Extracted material below:
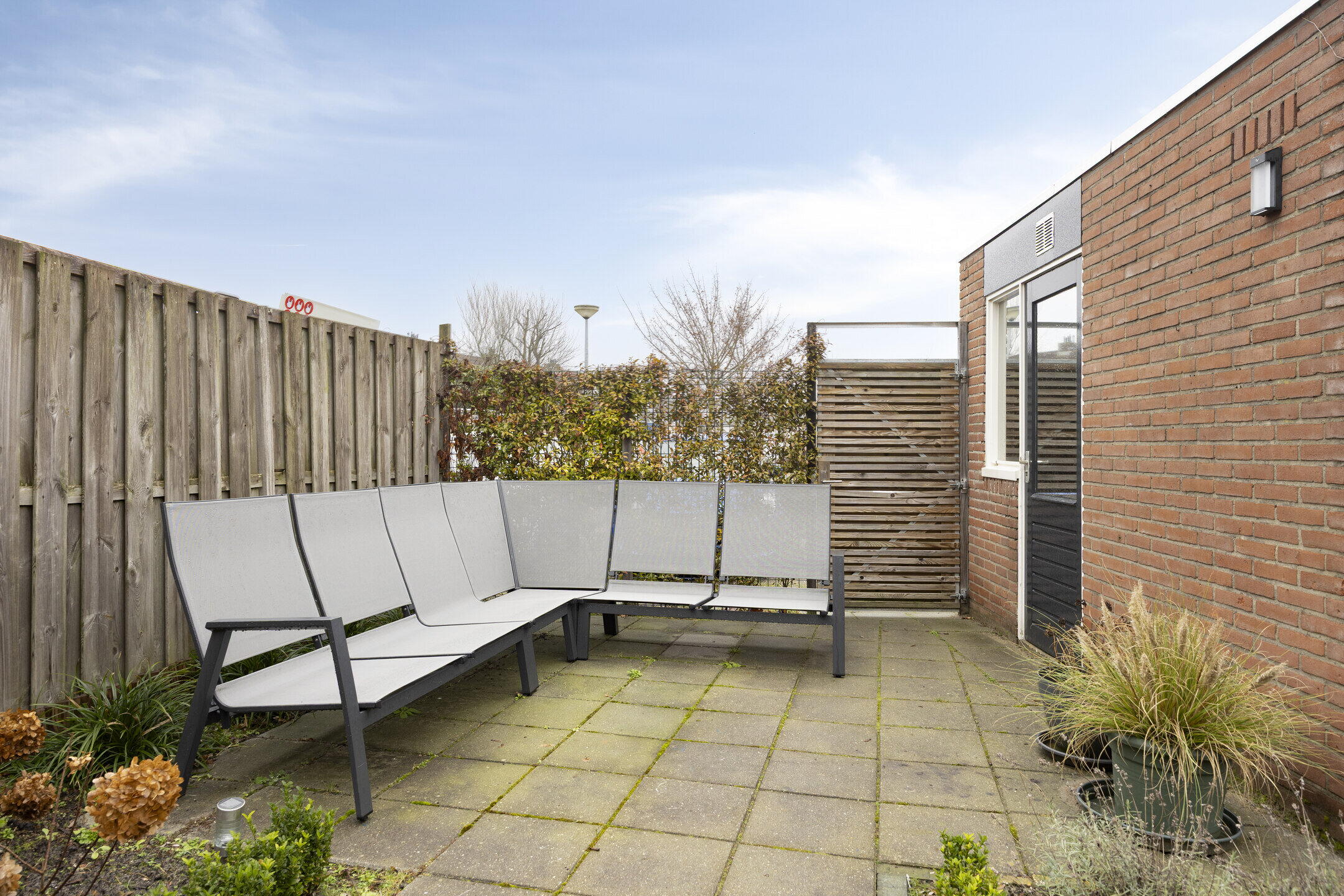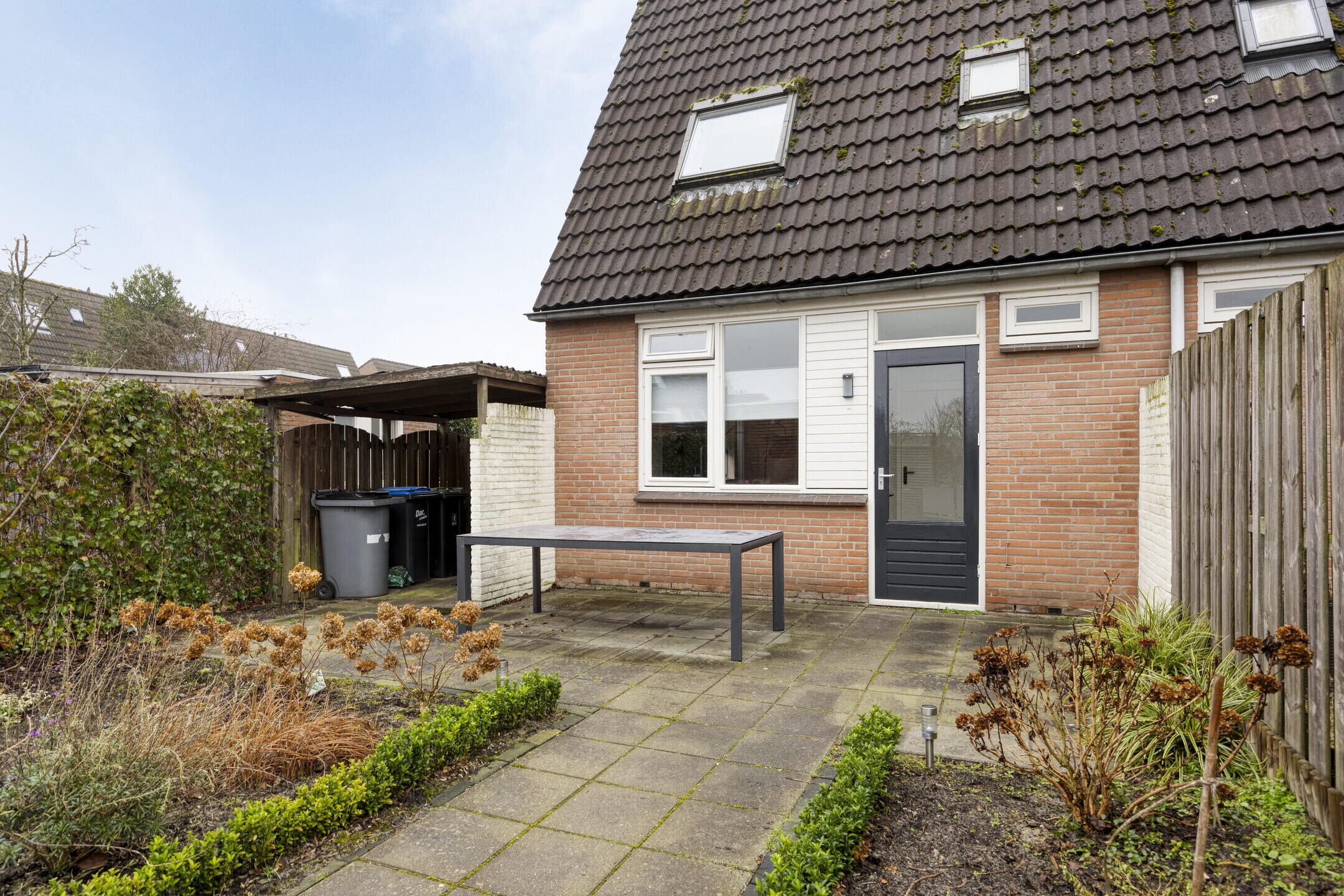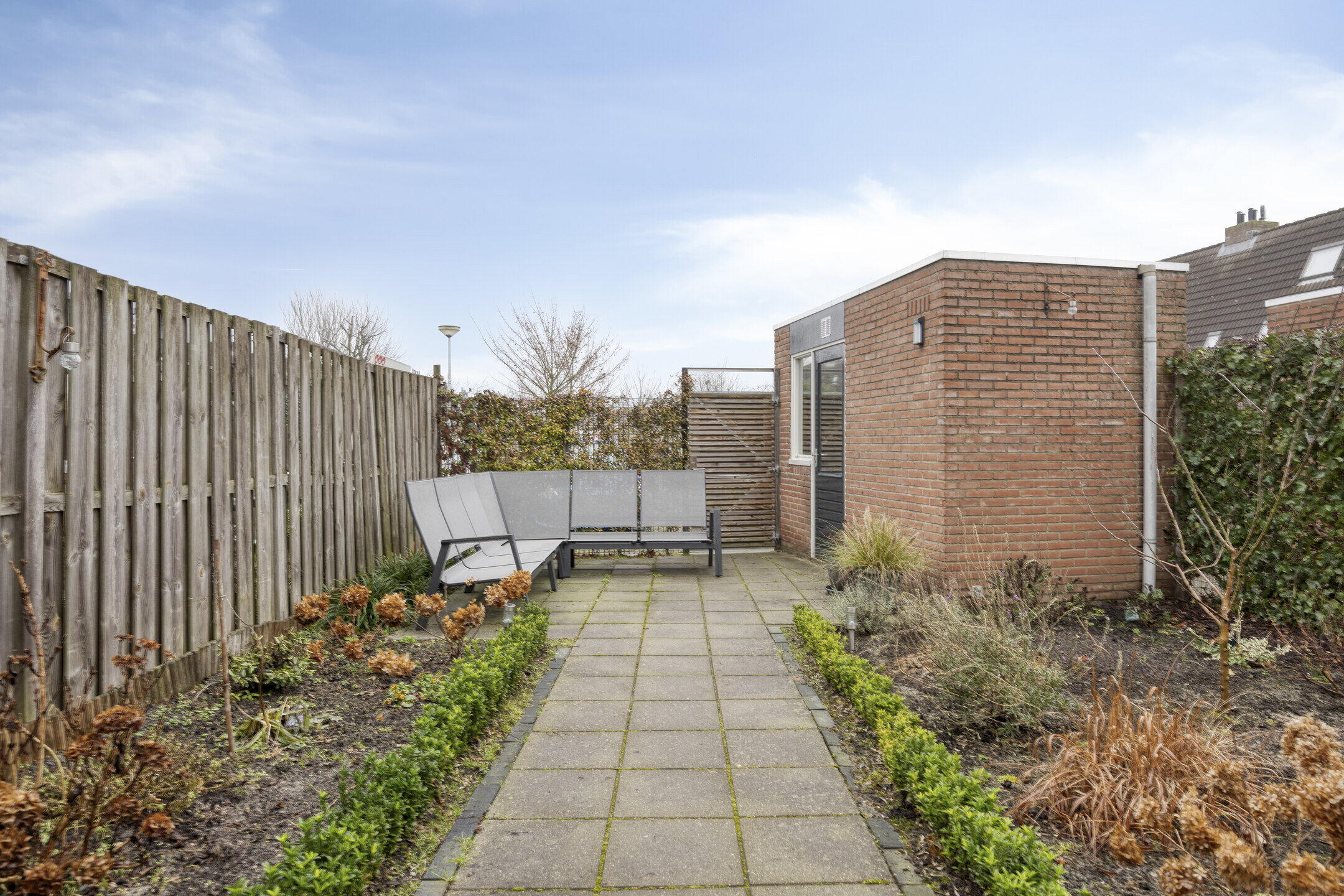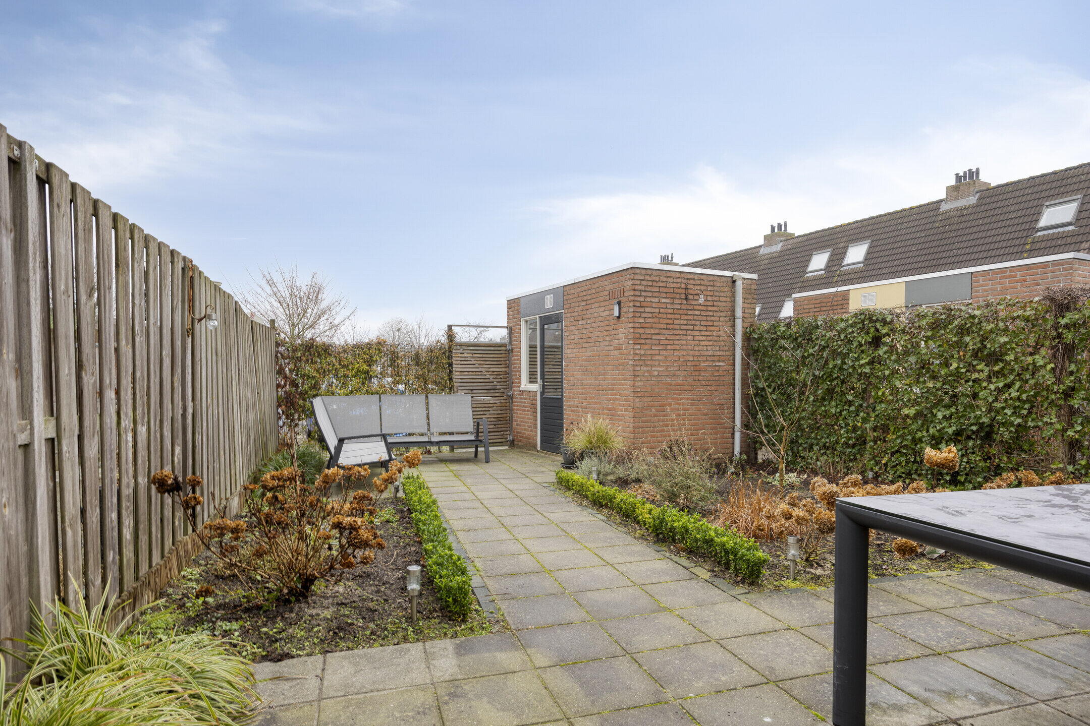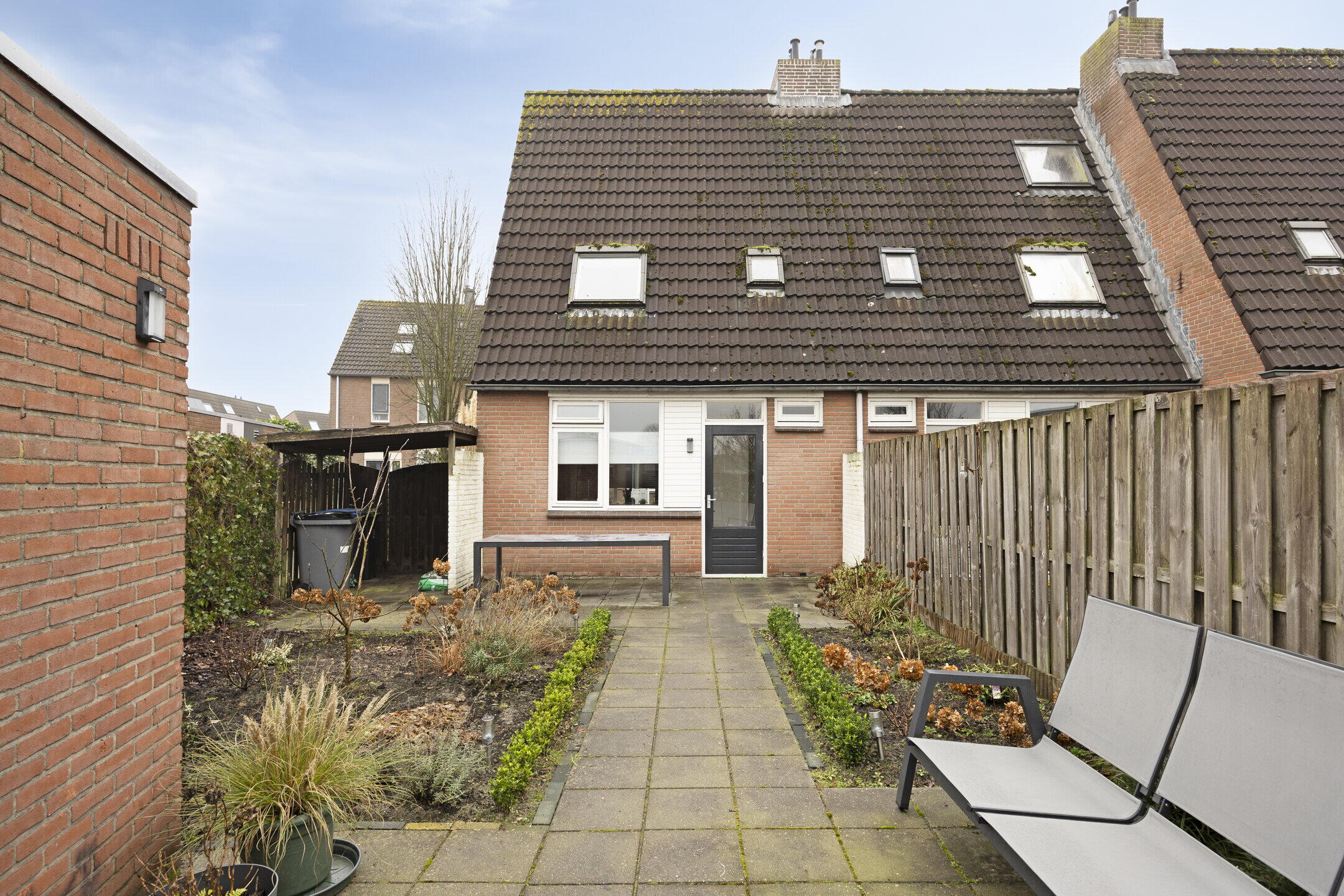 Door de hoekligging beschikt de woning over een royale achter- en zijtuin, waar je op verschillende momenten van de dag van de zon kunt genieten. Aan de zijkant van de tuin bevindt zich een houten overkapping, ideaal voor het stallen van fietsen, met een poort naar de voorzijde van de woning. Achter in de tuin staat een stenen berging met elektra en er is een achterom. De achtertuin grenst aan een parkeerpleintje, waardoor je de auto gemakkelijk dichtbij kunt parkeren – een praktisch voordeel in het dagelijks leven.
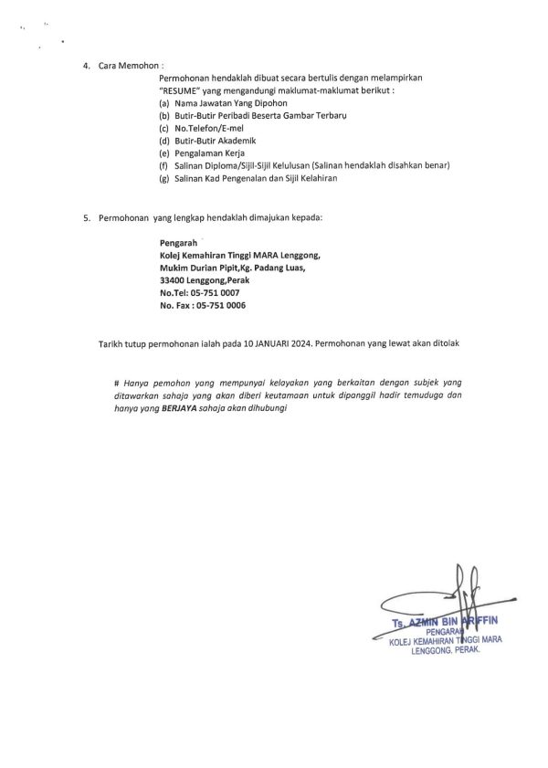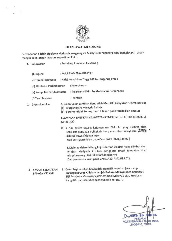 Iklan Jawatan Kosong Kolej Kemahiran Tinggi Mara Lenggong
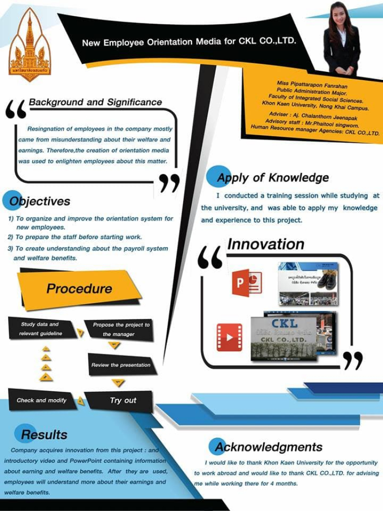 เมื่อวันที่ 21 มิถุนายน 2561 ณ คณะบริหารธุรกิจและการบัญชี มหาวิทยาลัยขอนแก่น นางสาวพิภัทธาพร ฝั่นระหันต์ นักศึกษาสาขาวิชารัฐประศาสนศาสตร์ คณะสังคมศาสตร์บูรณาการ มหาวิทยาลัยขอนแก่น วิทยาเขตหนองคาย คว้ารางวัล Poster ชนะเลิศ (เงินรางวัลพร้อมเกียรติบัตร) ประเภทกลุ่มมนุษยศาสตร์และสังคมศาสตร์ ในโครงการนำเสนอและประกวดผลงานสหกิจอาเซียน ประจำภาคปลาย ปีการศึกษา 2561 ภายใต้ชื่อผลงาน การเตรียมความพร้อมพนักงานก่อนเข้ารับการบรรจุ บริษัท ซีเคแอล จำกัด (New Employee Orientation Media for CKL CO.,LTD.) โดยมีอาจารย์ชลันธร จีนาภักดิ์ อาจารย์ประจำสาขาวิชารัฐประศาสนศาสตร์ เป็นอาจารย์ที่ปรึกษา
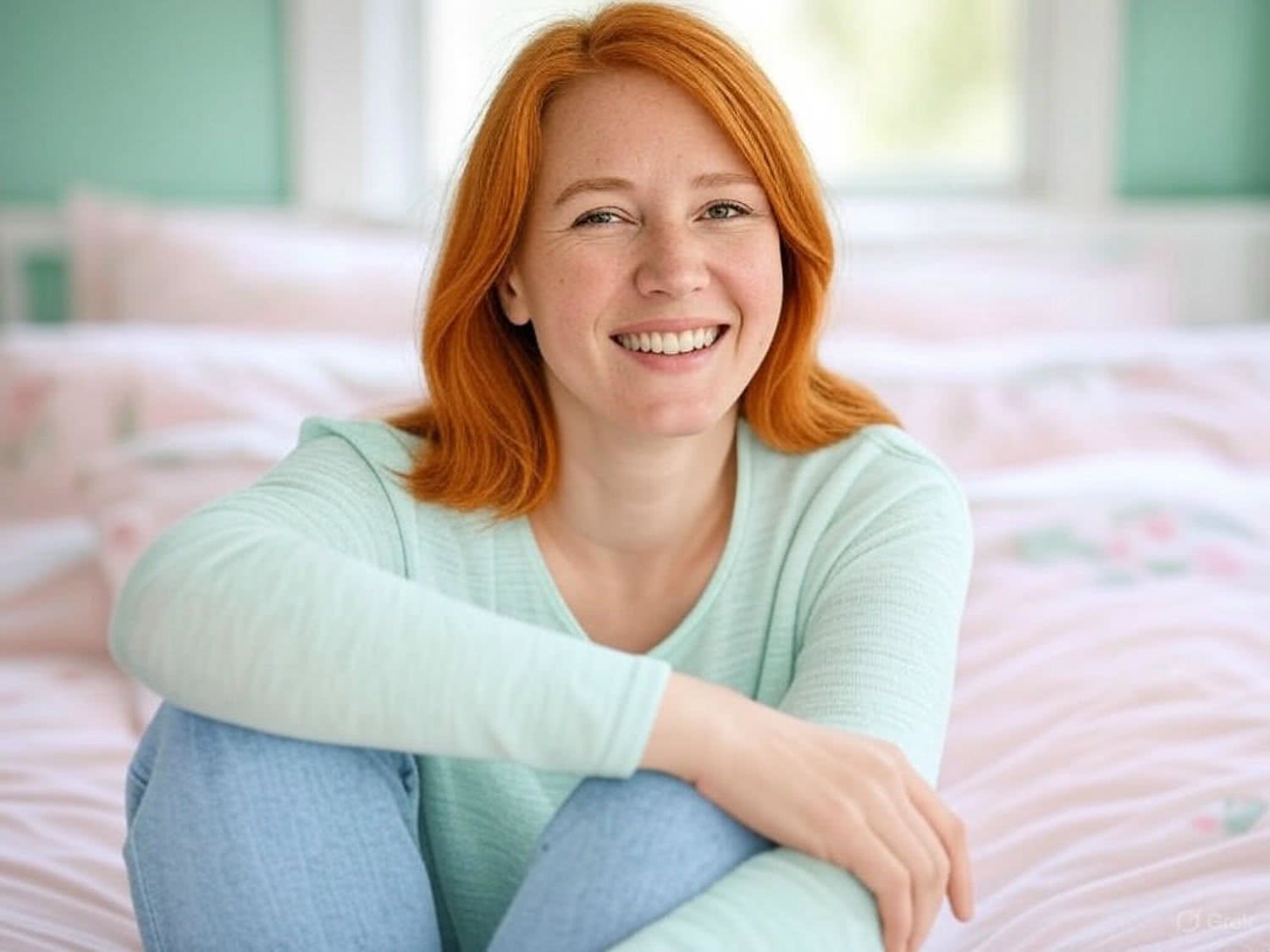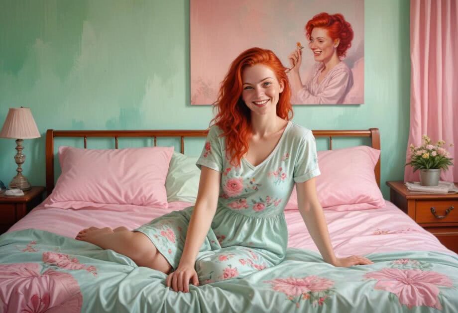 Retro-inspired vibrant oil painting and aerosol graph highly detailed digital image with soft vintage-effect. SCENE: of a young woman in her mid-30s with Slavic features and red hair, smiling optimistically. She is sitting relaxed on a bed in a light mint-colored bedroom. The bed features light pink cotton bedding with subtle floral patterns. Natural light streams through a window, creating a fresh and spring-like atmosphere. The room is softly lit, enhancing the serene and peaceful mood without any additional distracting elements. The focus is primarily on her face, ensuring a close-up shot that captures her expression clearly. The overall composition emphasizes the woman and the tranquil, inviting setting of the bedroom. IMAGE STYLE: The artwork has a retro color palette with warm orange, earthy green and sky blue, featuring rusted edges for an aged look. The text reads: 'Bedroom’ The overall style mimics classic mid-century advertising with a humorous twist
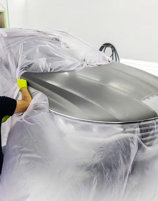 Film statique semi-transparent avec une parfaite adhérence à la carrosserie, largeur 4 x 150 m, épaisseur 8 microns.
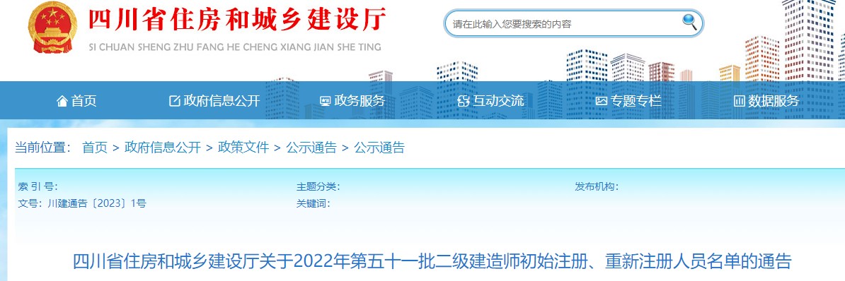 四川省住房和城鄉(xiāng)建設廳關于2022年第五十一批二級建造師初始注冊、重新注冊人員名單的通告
End of Extracted material.
The problem
The answer must restate every entry word for word, with the pictures left out.

Solved exercise
 Door de hoekligging beschikt de woning over een royale achter- en zijtuin, waar je op verschillende momenten van de dag van de zon kunt genieten. Aan de zijkant van de tuin bevindt zich een houten overkapping, ideaal voor het stallen van fietsen, met een poort naar de voorzijde van de woning. Achter in de tuin staat een stenen berging met elektra en er is een achterom. De achtertuin grenst aan een parkeerpleintje, waardoor je de auto gemakkelijk dichtbij kunt parkeren – een praktisch voordeel in het dagelijks leven.
 Iklan Jawatan Kosong Kolej Kemahiran Tinggi Mara Lenggong
 เมื่อวันที่ 21 มิถุนายน 2561 ณ คณะบริหารธุรกิจและการบัญชี มหาวิทยาลัยขอนแก่น นางสาวพิภัทธาพร ฝั่นระหันต์ นักศึกษาสาขาวิชารัฐประศาสนศาสตร์ คณะสังคมศาสตร์บูรณาการ มหาวิทยาลัยขอนแก่น วิทยาเขตหนองคาย คว้ารางวัล Poster ชนะเลิศ (เงินรางวัลพร้อมเกียรติบัตร) ประเภทกลุ่มมนุษยศาสตร์และสังคมศาสตร์ ในโครงการนำเสนอและประกวดผลงานสหกิจอาเซียน ประจำภาคปลาย ปีการศึกษา 2561 ภายใต้ชื่อผลงาน การเตรียมความพร้อมพนักงานก่อนเข้ารับการบรรจุ บริษัท ซีเคแอล จำกัด (New Employee Orientation Media for CKL CO.,LTD.) โดยมีอาจารย์ชลันธร จีนาภักดิ์ อาจารย์ประจำสาขาวิชารัฐประศาสนศาสตร์ เป็นอาจารย์ที่ปรึกษา
 Retro-inspired vibrant oil painting and aerosol graph highly detailed digital image with soft vintage-effect. SCENE: of a young woman in her mid-30s with Slavic features and red hair, smiling optimistically. She is sitting relaxed on a bed in a light mint-colored bedroom. The bed features light pink cotton bedding with subtle floral patterns. Natural light streams through a window, creating a fresh and spring-like atmosphere. The room is softly lit, enhancing the serene and peaceful mood without any additional distracting elements. The focus is primarily on her face, ensuring a close-up shot that captures her expression clearly. The overall composition emphasizes the woman and the tranquil, inviting setting of the bedroom. IMAGE STYLE: The artwork has a retro color palette with warm orange, earthy green and sky blue, featuring rusted edges for an aged look. The text reads: 'Bedroom’ The overall style mimics classic mid-century advertising with a humorous twist
 Film statique semi-transparent avec une parfaite adhérence à la carrosserie, largeur 4 x 150 m, épaisseur 8 microns.
 四川省住房和城鄉(xiāng)建設廳關于2022年第五十一批二級建造師初始注冊、重新注冊人員名單的通告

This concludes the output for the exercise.